Скафлок постиг также все повадки эльфов: их величавую походку, их бесконечные уловки, их изысканные речи. Он мог плясать нагой под звуки арф и флейт в потоках лунного света в таком же самозабвении, как самые необузданные из них. Он мог сыграть и спеть песни, чьи странные мелодии были древней, чем род людской. Он изучил скальдическое искусство до такого совершенства, что мог изъясняться стихами так же легко, как обычной речью. Он изучил все наречья Волшебной страны и три из числа людских. Он мог выбирать редчайшие яства эльфов, ему был доступен тот жидкий огонь, что тлел в подвалах замка в запечатанных, заросших паутиной бутылях, но при этом Скафлок не утратил вкуса к черным охотничьим сухарям и солонине, к диким ягодам, напоенным солнцем и дождем, и к воде из горных родников.

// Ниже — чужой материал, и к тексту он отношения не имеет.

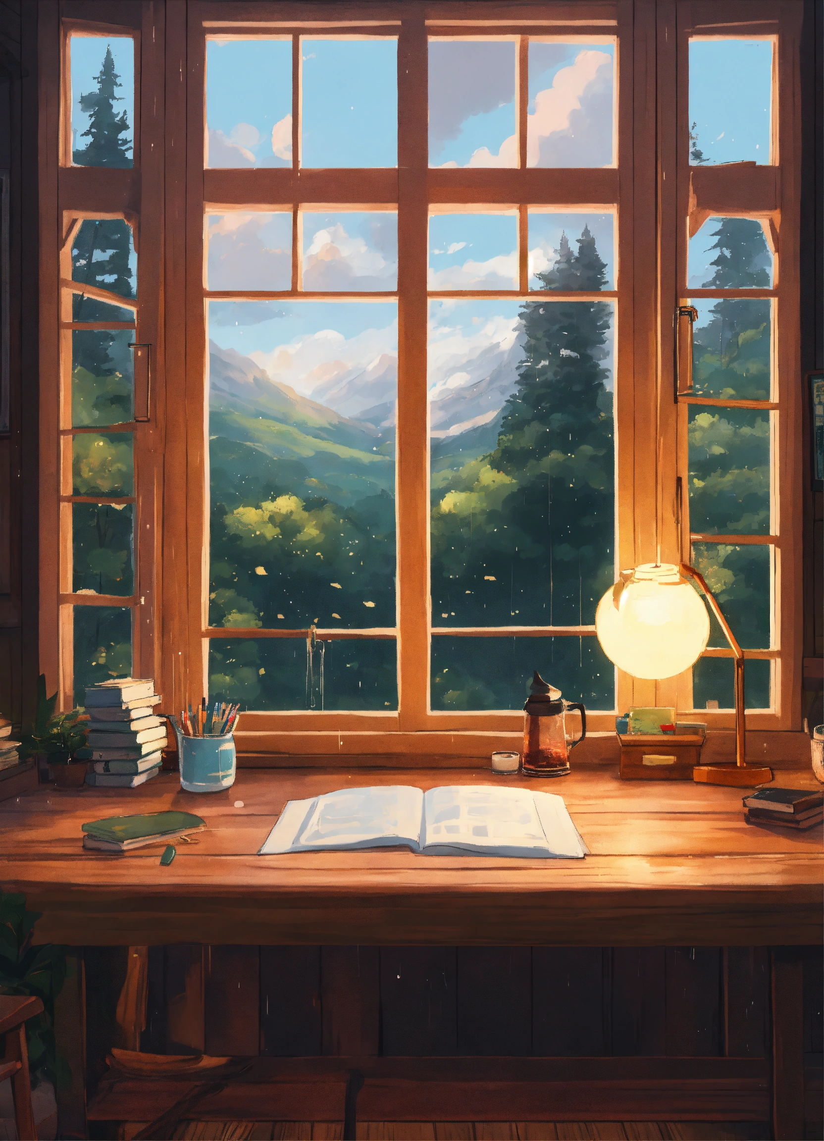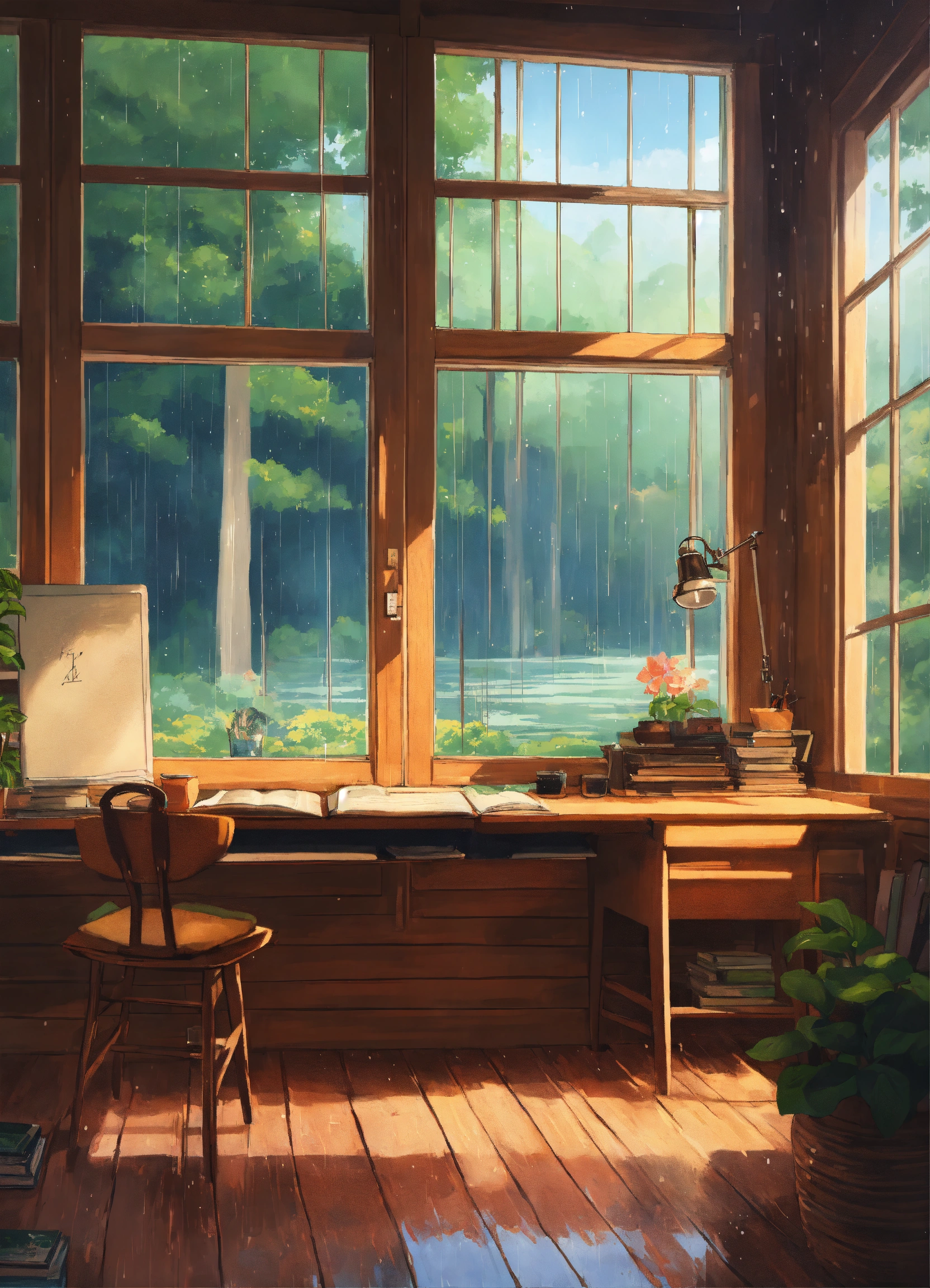 Cozy wooden nordic cabin, anime, studio ghibli, minimalistic, raining outside, big window view with study desk, washed acrylic image, forrest outside, anime lofi artwork

Едва первый пух покрыл щеки Скафлока, как он уже снискал расположение эльфийских женщин. Не ведающие страха Божьего, не обремененные детьми, эльфы не знают брачных уз, к тому же их природа такова, что их женщины более любвеобильны, а мужчины более холодны, чем это бывает у людей. Потому-то и пользовался Скафлок таким успехом и немало времени довелось ему провести в любовных утехах.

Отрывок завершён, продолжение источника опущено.